Tipping. In the article "Are Christian/Religious Pcople Poor Tippers?" (hournol of A,piled Sockal Psychology, Vol. 43. Issue 5 . pp. 928-935), M. Lynn and B. Katz report that, for customers who receive bad service, the mean percentage tip is $8.56\%$of the bill with a standard deviation of $5.37\%$. Let $x$represent the percentage of the bill that a customer tips when he or she receives bad service.

a.
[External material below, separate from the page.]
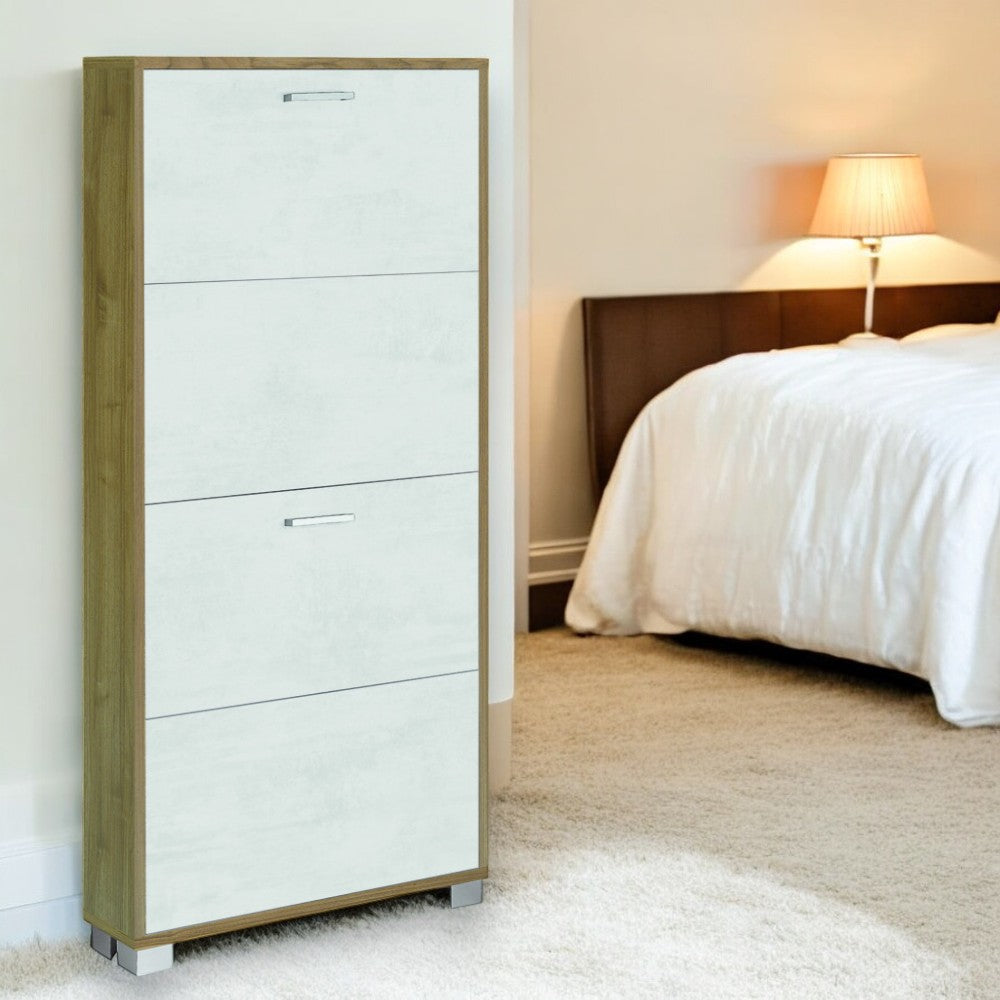 Pratica e funzionale con montaggio facile per averla a disposizione in qualsiasi momento. Realizzata con struttura in acciaio e tessuto in TNT impermeabile di colore blu con apertura frontale arrotolabile. Grazie alla cerniera a Zip le scarpe saranno ben protette dalla polvere. Ha una dimensione di 44x30x H89 cm circa e può ospitare un gran numero di scarpe e ciabatte (fino a 18 paia).

What percentage of tips for bad service are at least 0 se?

b. Assuming that $x$ is aprroximalely noemally distribuled, uve normalcurve areas to determine the approximate percentage of tips for bad service that are at least $0\%$

c. Based on your results from parts (a) and (b), do you think that the percentage of the bill that a customer tips when he or she receives bad service is appeexinately a normally distributed variable? Explain your answer.
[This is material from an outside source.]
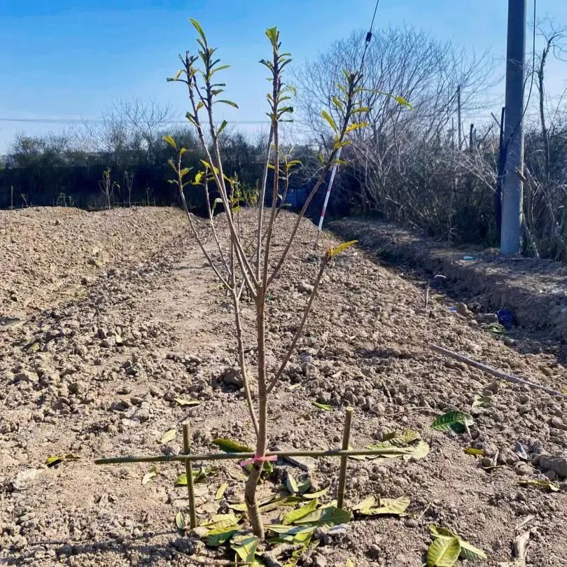 因此枇杷苗栽种后会修剪掉部分叶子,减少水分的蒸发,同时固定果苗,防止被风刮倒,提高果苗的存活率。

To determine the fraction of bad service tips that are at least$0\%$

The bill's percentage tip to the unsatisfactory service The mean of $\left(x\right)$is$\mu =8.56\%$and the standard deviation is$\sigma =5.37\%$

Negative suggestions are not possible based on the facts provided. As a result, bad-service tips are always more than or equal to $0\%$. As a result, the probability of receiving a tip for poor service is at least $0\%$is $100\%$

To discover the percentage of tips for terrible service that are at least $0\%$ if $X$ is roughly followed by a normal distribution.

The random variable $x$'s $z$-score is calculated as follows:

$z=\frac{x-\mu }{\sigma }$

Calculate the $z$- scores:

localid="1651723581461" $$\begin{gathered} z=\frac{0-8.56}{5.37} \\ \approx -1.59 \end{gathered}$$

Using the normal probability table in Appendix A, calculate the corresponding probability:

$P(x>0)=P(z>-1.59)$

$=1-0.0559$

$=94.41\%$

To determine whether $x$follows a normal distribution roughly based on the results of parts (a) and (b) (b).

The percentages in parts (a) and (b) above should be equal to $100\%$, yet the outcomes of part (a) and (b) differ significantly (b). As a result, it is impossible to establish that $x$ follows a normal distribution.